The Challenge: In an effort to enhance the state’s Chesapeake Bay clean-up efforts and control pollutants flowing into waterways, the U.S. Environmental Protection Agency (EPA) and the Pennsylvania Department of the Environmental Protection (PA-DEP) have gradually implemented new stormwater regulations. PA-DEP developed a program where all operators of Municipal Separate Storm Sewer Systems (MS4s) must reduce pollution discharges from their MS4.
Pennsylvania is a large state, with 67 counties subdivided into 2,561 municipalities. Close to 1,000 municipalities have MS4s that will be regulated as of 2018, with various levels of permit requirements —ranging from complex mapping, investigating the sources of stream impairments, and stormwater modeling, to the design and installation of best management practices (BMPs) — all of which must be completed within a short window of time.
The Action: The Center for Watershed Protection has helped several counties and organizations in Pennsylvania to coordinate pollution reduction efforts.
In York County, the Center worked with the York County Stormwater Consortium, a coalition of 46 municipalities, to assist with regional stormwater planning. This work was initiated and funded by the Chesapeake Bay Foundation to accelerate progress in meeting local and Chesapeake Bay water quality goals.
Projects ranged from stream restoration to riparian forest buffers and from basin retrofits to bioswales. The County reviewed more than 70 project plans submitted by the municipalities to determine which projects would get the most “bang for their buck.”
“Our goal was efficiency,” explains Pamela Shellenberger, Chief of Long Range Planning at the York County Planning Commission. “One of our largest hurdles was narrowing down and prioritizing the projects. We wanted to implement the ones that would reduce the most pollutants for the lowest cost.”
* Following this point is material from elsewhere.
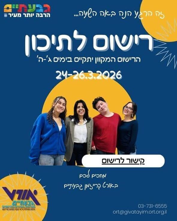החל הרישום המקוון לתיכון אורט קרייזמן בגבעתיים לשנת הלימודים תשפ"ז בין התאריכים 24-26.3

The Center helped determine the most efficient projects by calculating pollution reduction amounts and estimating project costs. They also provided technical expertise and concept design work around stormwater BMPs and green infrastructure.
“We couldn’t have asked for anybody better to help us with the process than the Center,” says Shellenberg. “They are very technically knowledgeable, professional and passionate. The Center’s staff helped with the small details, while simultaneously shining a light on the big picture — how all the projects will work together in the long-term.”
In Berks County, the Center teamed up with Wyomissing Creek Coalition, a municipal-based group working to meet federal and state MS4 stormwater requirements. As a cold water fishery with a naturally reproducing trout population, the Creek has a special set of TMDL requirements. The Berks County project was funded by Altria Group.
The coalition officially formed in 2012: Every municipality required to have a permit within the Wyomissing Creek watershed joined. In 2015, the Center calculated the pollutant reduction value of several stormwater management best management practices (BMPs) identified in the Northridge subwatershed of the Wyomissing Creek watershed.
“I would strongly recommend the Center to other coalitions,” says Nicholas Johnson, head of the Coalition and a Project Manager at Great Valley Consultants. “They secured a sizeable grant so that we could research our big list of BMPs and start calculating sediment and nutrient load reductions associated with the various projects. Julie from the Center drove all the way up here a few weeks ago to lend a hand with a trash cleanup day. They understand that this isn’t going to be fixed in a day, but they get things done — even literally lending a hand — to work towards a successfully restored watershed.”
The Center carried out similar work in other Pennsylvania counties, including Blair County, Lebanon County and Lancaster County. They were also contracted through the PA-DEP to help with Chesapeake Bay Total Maximum Daily Load (TMDL) planning across the state and to provide statewide trainings on Chesapeake Bay and local TMDL compliance for the 2013-2018 permit cycle.
The Result: In York County alone, the Commission has already completed eight projects, which contributed to a total reduction of close to 135,000 pounds of pollutants in just two years. In Berks County, in the township of Cumru, the Coalition installed a rain barrel and infiltration facility to curb stormwater runoff at Pennwyn Playground, which is located right next to a creek. Eleven projects have been completed in Blair County. Best management practices are being implemented in municipalities across the state to improve water quality.